### [Collected data]
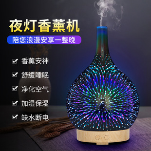 [香薰机] 亚马逊爆款3D玻璃香薰机加湿器家用七彩办公空气冷雾夜灯加湿器
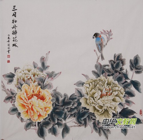 三月牡丹醉花城,工筆,四尺整張
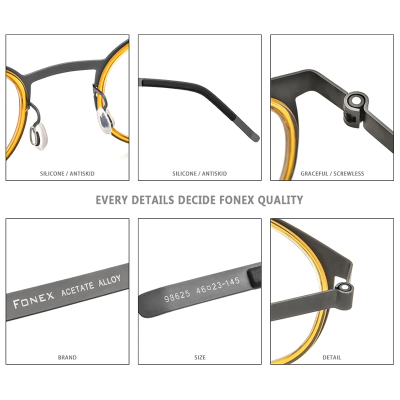Special Offer FONEX Acetate okulary z lekkiego stopu rama mężczyźni kobiety Vintage okrągłe krótkowzroczność oprawki do okularów korekcyjnych okulary korekcyjne bezśrubowe okulary 98625 Discount 67% Today!
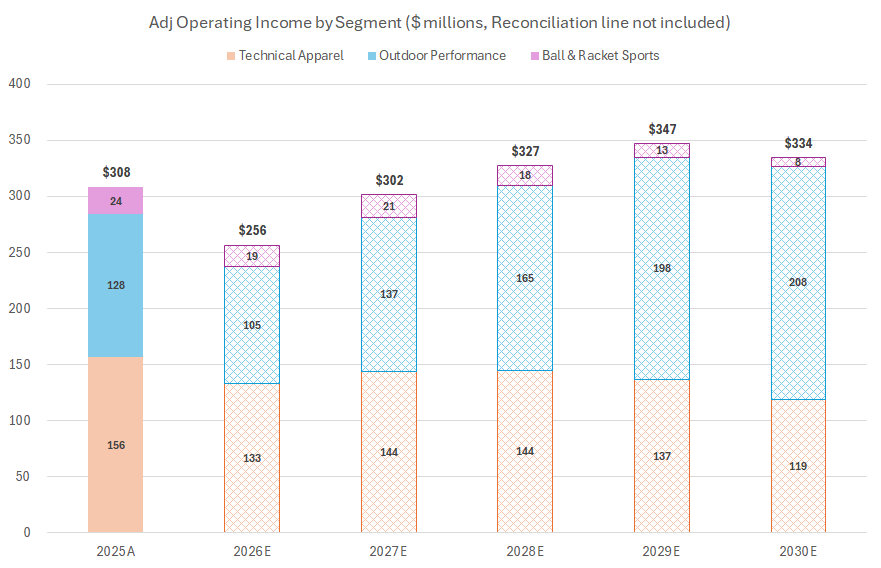 So, what can this mean from a profitability perspective? A couple charts provided below sketch the potential opportunity at the operating income level. While I’ve provided precise numbers, this is mainly a directional exercise, and the findings are that Salomon becomes the primary profit driver of the business within a few years, provided that the footwear business expands in a manner consistent with the growth profile of its peers (I know, it’s a big if).

### [Exercise details]
Return the listing above in full and without alteration, excluding its pictures.

### [Task result]
 [香薰机] 亚马逊爆款3D玻璃香薰机加湿器家用七彩办公空气冷雾夜灯加湿器
 三月牡丹醉花城,工筆,四尺整張
Special Offer FONEX Acetate okulary z lekkiego stopu rama mężczyźni kobiety Vintage okrągłe krótkowzroczność oprawki do okularów korekcyjnych okulary korekcyjne bezśrubowe okulary 98625 Discount 67% Today!
 So, what can this mean from a profitability perspective? A couple charts provided below sketch the potential opportunity at the operating income level. While I’ve provided precise numbers, this is mainly a directional exercise, and the findings are that Salomon becomes the primary profit driver of the business within a few years, provided that the footwear business expands in a manner consistent with the growth profile of its peers (I know, it’s a big if).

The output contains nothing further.